START Data for the task
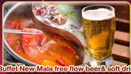
*Buffet New Mala free flow beer& soft drink
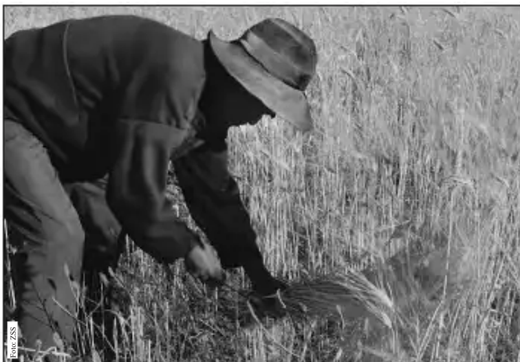
"Trigo ruthuy" - Jatunpampa, Anzaldo (2010)
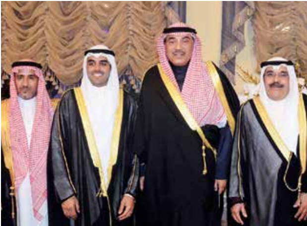
الشيخ صباح الخالد مباركا

بحضور ومباركة صاحب السمو الأمير الشيخ صباح الأحمد وسمو ولي العهد الشيخ نواف الأحمد، احتفل الشيخ فيصل خليفة المالك الصباح بزفاف نجله خليفة على كريمة مازن بن عبدالمحسن الطويل، وحضر الحفل أيضا جمع من الشيوخ والشخصيات والأهل والأصدقاء الذين قدموا المباركة والتنهاني بالمناسبة السعيدة. ألف مبروك.
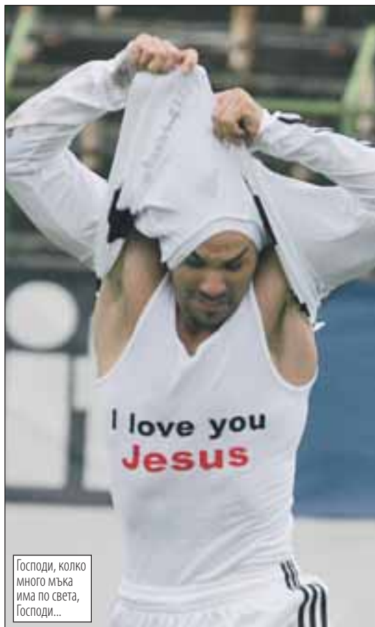
Господи, колко много мъка има по света, Господи...
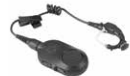
Беспроводной наушник Operations Critical

«Когда я впервые увидел радиостанцию MOTOTRBO серии SL4000, я подумал, что это мобильный телефон, а не радиостанция двусторонней радиосвязи. Она обладает всеми функциями радиостанции двусторонней радиосвязи, и по своему внешнему виду предназначена для профессиональных целей. Она прекрасно подходит для всех видов нашей форменной одежды».
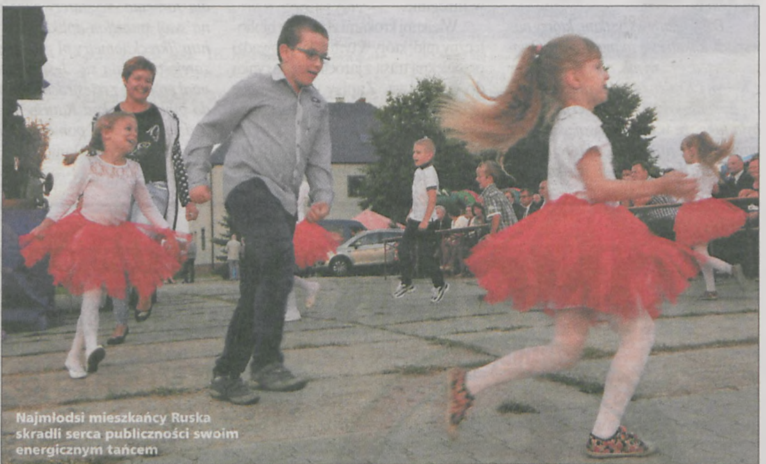
Najmłodszy mieszkańcy Ruska skradli serca publiczności swoim energicznym tańcem
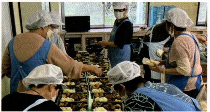
▲気持ちを込めて、参加者の皆様へ

毎月第3水曜日にふれあい食事会を開催しています。厨房では、作るメニュー毎に担当が4か所に分かれ調理を進めます。食材の中には、家庭で採れた野菜も。参加者が食べやすいように、鮭の皮を強めに焼いたり、すだちの種を取り除いたり、細やかな気配りを感じます。大量の調理をするには、臨機応変な対応が必要となることもあります。食事を通じて参加者の笑顔につながればと、一致団結します。
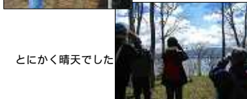
とにかく晴天でした
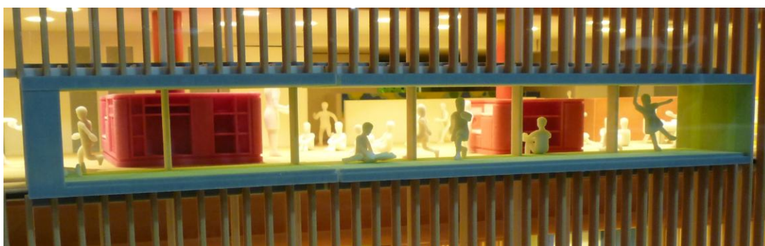
<窓越しから見た 4F保育室>
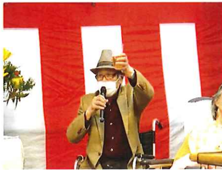
【新年祝い会での食事風景】
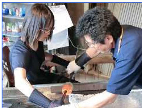
琉球ガラス細工体験

私達は修学旅行で沖縄に行きました。朝5時に加計を出て10時半に沖縄に着きました。沖縄ではひめゆりの塔と平和公園に行き, 戦争のことについて学び, 広島戦争とは違って考えさせられました。台風で天候が悪かったですが, 海にも入って初めてのスキューバダイビングを体験しました。沖縄料理も美味しくとても楽しい修学旅行でした。
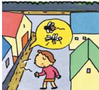
下水道がなかったら…

汚いドブや溝がなくなることで、蚊やハエがいなくなり、きれいなまちで、快適で安心した生活ができます。まちに汚水が直接流れないので、伝染病を防ぐ役割もあります。
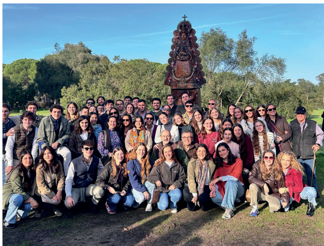
23 de noviembre | Convivencia en el Rocío
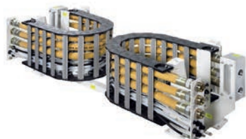
■ Catena portacavi in poliammide completa, confezionata con cavi, connettori e lamiera di supporto
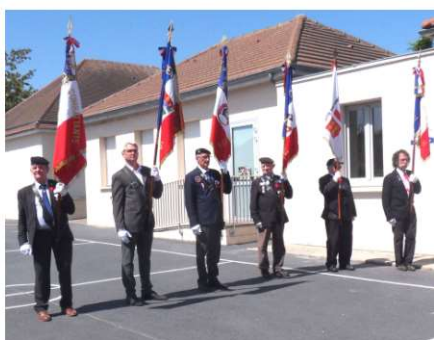
Présence de 10 porte drapeaux
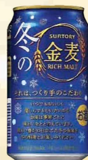
注文 No. 083 サントリー金麦(新) KNK-4 本体価格 2,800円 (税込価格 3,080円) ● (缶350ml×24)
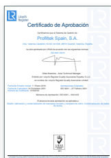
ISO 9001:2015 Sistema de gestão de qualidade
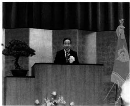
平山県知事より祝辞をいただく

祝辞 山古志村立村四十周年、そして村民体育館・地域福祉センターの竣工記念式典が、大勢の方がお集まりになりました。盛大なお祝いの式典が開かれました。心からお祝い申し上げます。
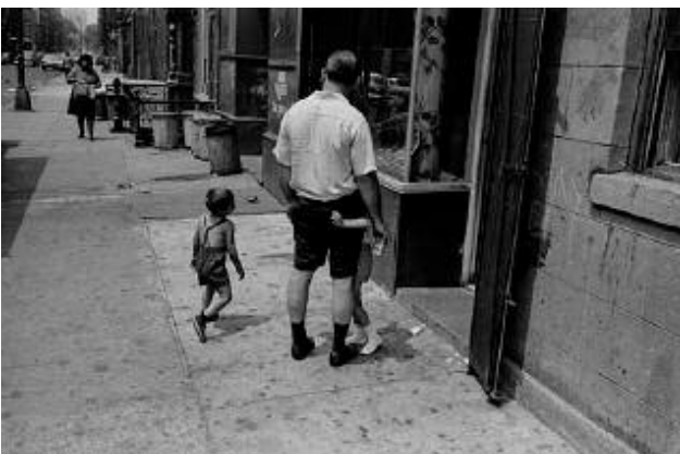
11_Avenue A, East Village, New York City, 1967
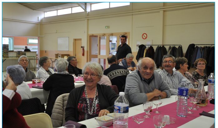
Après l'AG, l'amicale du troisième Age se régale de bons petits plats.

Un bruitage du plus bel effet, parents, enfants, spectateurs tous unis dans un orchestre improvisé.
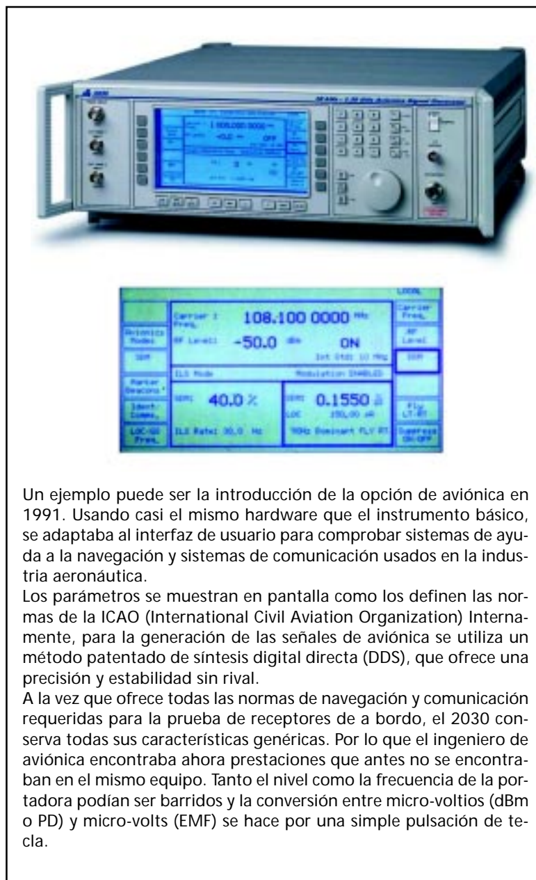
Figura 2. La combinación de teclas soft y la pantalla LCD ofreció una buena solución a los problemas de configurar un instrumento de propósito general con aplicaciones específicas.

Un ejemplo puede ser la introducción de la opción de aviónica en 1991. Usando casi el mismo hardware que el instrumento básico, se adaptaba al interfaz de usuario para comprobar sistemas de ayuda a la navegación y sistemas de comunicación usados en la industria aeronáutica.
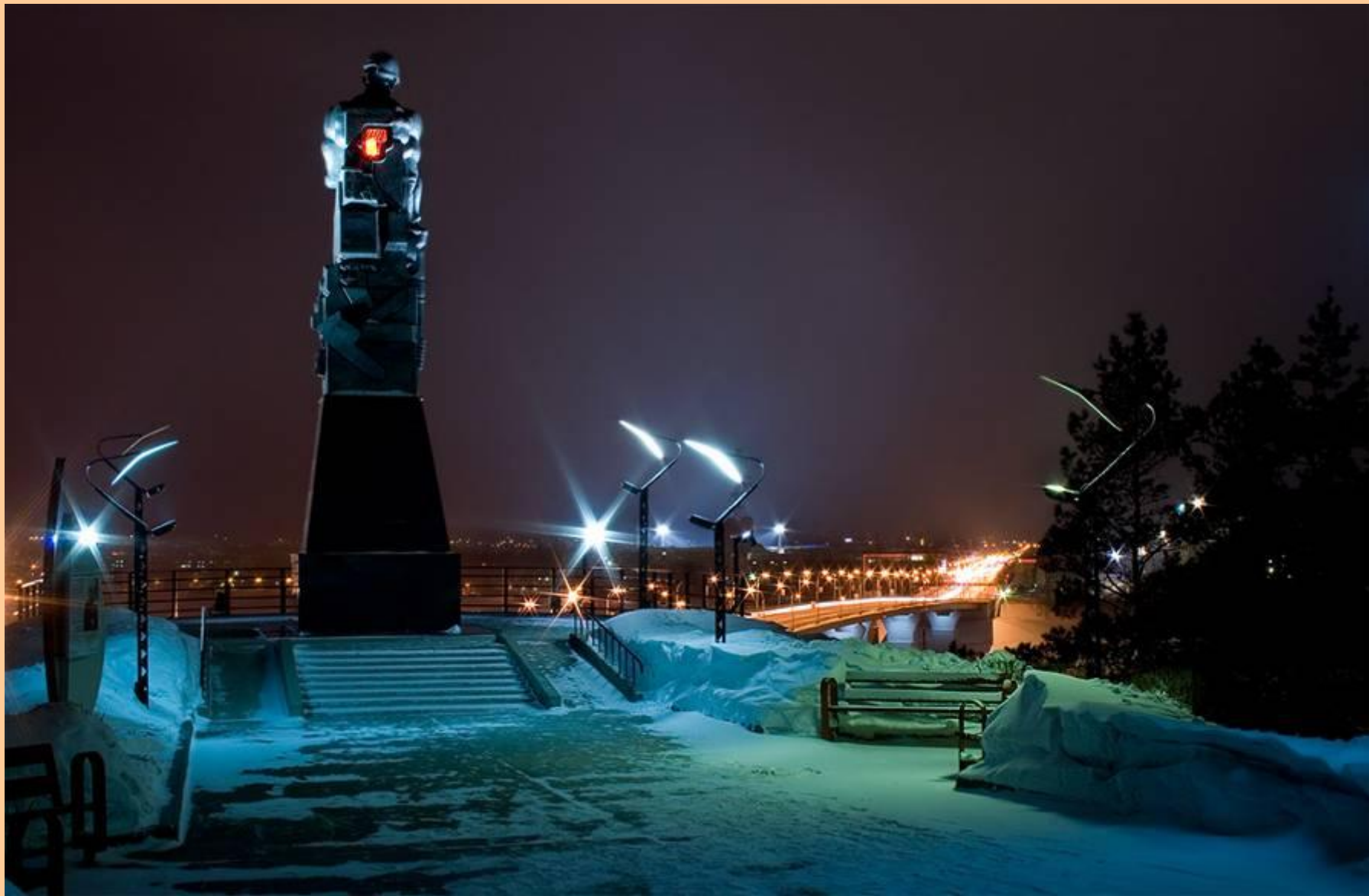
Фонари города Кемерово.
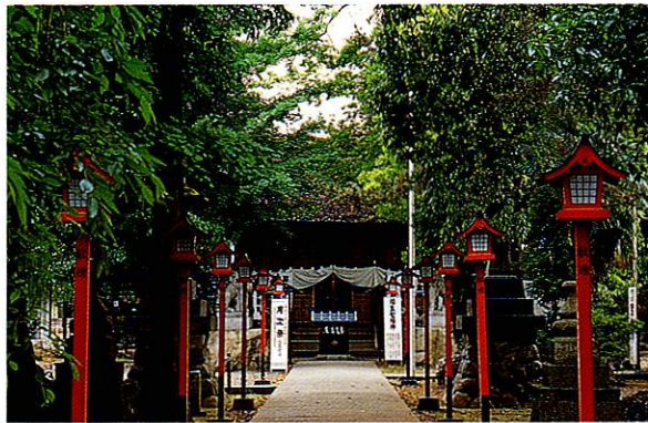
6 熊川神社 桃山時代の木造建築で素朴ながらも荘厳。社を覆う樹木が重厚な雰囲気をもたらしています。本殿は市内最古の木造建築で、東京都指定有形文化財。

There are 10 areas in Fussa City which are regarded as “Fussa’s most beautiful spots” and are popular among the local citizens. These spots include attractive scenery, distinctive urban landscapes, and cultural assets. The scenery at these places changes with the seasons, allowing visitors to constantly rediscover their attractiveness and tranquility.
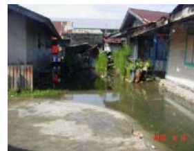
Kawasan Purus saat Banjir dan Genangan
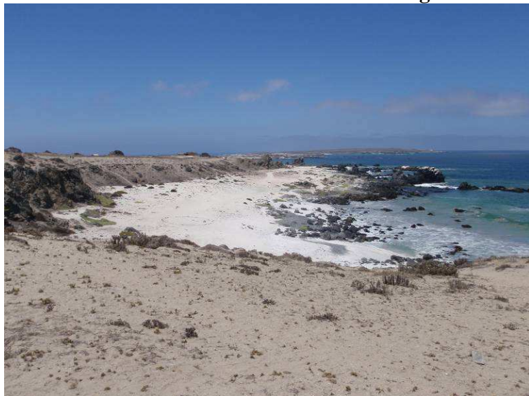
Strand bei „Punta de Choros“
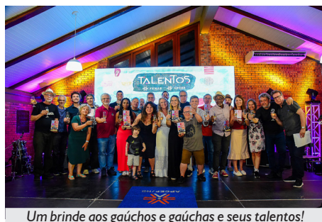
Um brinde aos gaúchos e gaúchas e seus talentos!

A qualidade musical e o nível técnico deram a tônica da seletiva, que terminou com a seguinte classificação:
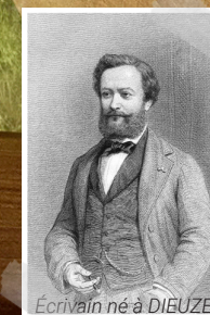
Écrivain né à DIEUZE
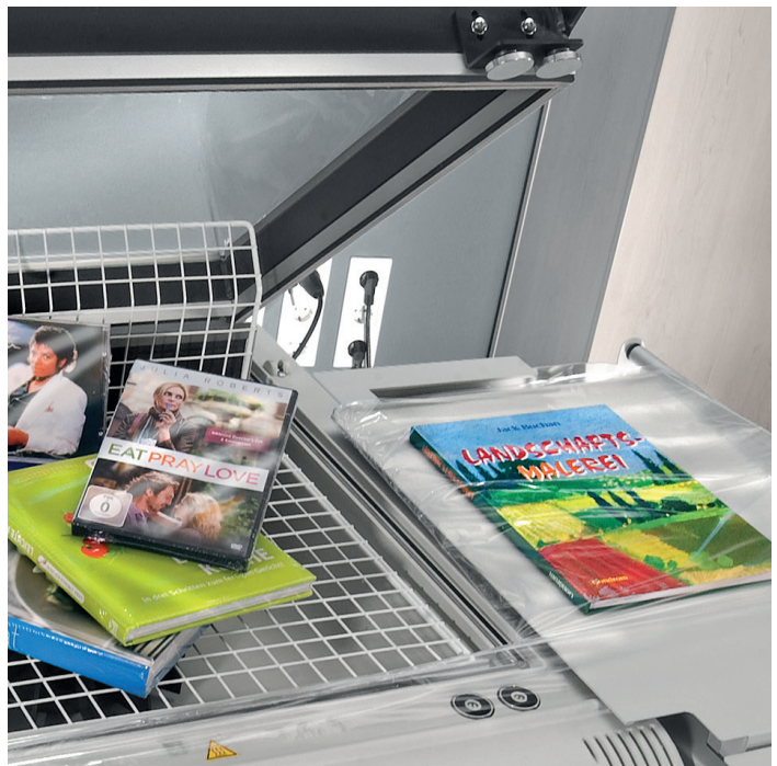
ProfiThen Feinschrumpffolie, diverse Anwendungen.
END Data for the task
Assigned task — Copy out the records exactly; the pictures stay behind.

Result of the exercise —
*Buffet New Mala free flow beer& soft drink
"Trigo ruthuy" - Jatunpampa, Anzaldo (2010)
الشيخ صباح الخالد مباركا

بحضور ومباركة صاحب السمو الأمير الشيخ صباح الأحمد وسمو ولي العهد الشيخ نواف الأحمد، احتفل الشيخ فيصل خليفة المالك الصباح بزفاف نجله خليفة على كريمة مازن بن عبدالمحسن الطويل، وحضر الحفل أيضا جمع من الشيوخ والشخصيات والأهل والأصدقاء الذين قدموا المباركة والتنهاني بالمناسبة السعيدة. ألف مبروك.
Господи, колко много мъка има по света, Господи...
Беспроводной наушник Operations Critical

«Когда я впервые увидел радиостанцию MOTOTRBO серии SL4000, я подумал, что это мобильный телефон, а не радиостанция двусторонней радиосвязи. Она обладает всеми функциями радиостанции двусторонней радиосвязи, и по своему внешнему виду предназначена для профессиональных целей. Она прекрасно подходит для всех видов нашей форменной одежды».
Najmłodszy mieszkańcy Ruska skradli serca publiczności swoim energicznym tańcem
▲気持ちを込めて、参加者の皆様へ

毎月第3水曜日にふれあい食事会を開催しています。厨房では、作るメニュー毎に担当が4か所に分かれ調理を進めます。食材の中には、家庭で採れた野菜も。参加者が食べやすいように、鮭の皮を強めに焼いたり、すだちの種を取り除いたり、細やかな気配りを感じます。大量の調理をするには、臨機応変な対応が必要となることもあります。食事を通じて参加者の笑顔につながればと、一致団結します。
とにかく晴天でした
<窓越しから見た 4F保育室>
【新年祝い会での食事風景】
琉球ガラス細工体験

私達は修学旅行で沖縄に行きました。朝5時に加計を出て10時半に沖縄に着きました。沖縄ではひめゆりの塔と平和公園に行き, 戦争のことについて学び, 広島戦争とは違って考えさせられました。台風で天候が悪かったですが, 海にも入って初めてのスキューバダイビングを体験しました。沖縄料理も美味しくとても楽しい修学旅行でした。
下水道がなかったら…

汚いドブや溝がなくなることで、蚊やハエがいなくなり、きれいなまちで、快適で安心した生活ができます。まちに汚水が直接流れないので、伝染病を防ぐ役割もあります。
23 de noviembre | Convivencia en el Rocío
■ Catena portacavi in poliammide completa, confezionata con cavi, connettori e lamiera di supporto
Présence de 10 porte drapeaux
注文 No. 083 サントリー金麦(新) KNK-4 本体価格 2,800円 (税込価格 3,080円) ● (缶350ml×24)
ISO 9001:2015 Sistema de gestão de qualidade
平山県知事より祝辞をいただく

祝辞 山古志村立村四十周年、そして村民体育館・地域福祉センターの竣工記念式典が、大勢の方がお集まりになりました。盛大なお祝いの式典が開かれました。心からお祝い申し上げます。
11_Avenue A, East Village, New York City, 1967
Après l'AG, l'amicale du troisième Age se régale de bons petits plats.

Un bruitage du plus bel effet, parents, enfants, spectateurs tous unis dans un orchestre improvisé.
Figura 2. La combinación de teclas soft y la pantalla LCD ofreció una buena solución a los problemas de configurar un instrumento de propósito general con aplicaciones específicas.

Un ejemplo puede ser la introducción de la opción de aviónica en 1991. Usando casi el mismo hardware que el instrumento básico, se adaptaba al interfaz de usuario para comprobar sistemas de ayuda a la navegación y sistemas de comunicación usados en la industria aeronáutica.
Фонари города Кемерово.
6 熊川神社 桃山時代の木造建築で素朴ながらも荘厳。社を覆う樹木が重厚な雰囲気をもたらしています。本殿は市内最古の木造建築で、東京都指定有形文化財。

There are 10 areas in Fussa City which are regarded as “Fussa’s most beautiful spots” and are popular among the local citizens. These spots include attractive scenery, distinctive urban landscapes, and cultural assets. The scenery at these places changes with the seasons, allowing visitors to constantly rediscover their attractiveness and tranquility.
Kawasan Purus saat Banjir dan Genangan
Strand bei „Punta de Choros“
Um brinde aos gaúchos e gaúchas e seus talentos!

A qualidade musical e o nível técnico deram a tônica da seletiva, que terminou com a seguinte classificação:
Écrivain né à DIEUZE
ProfiThen Feinschrumpffolie, diverse Anwendungen.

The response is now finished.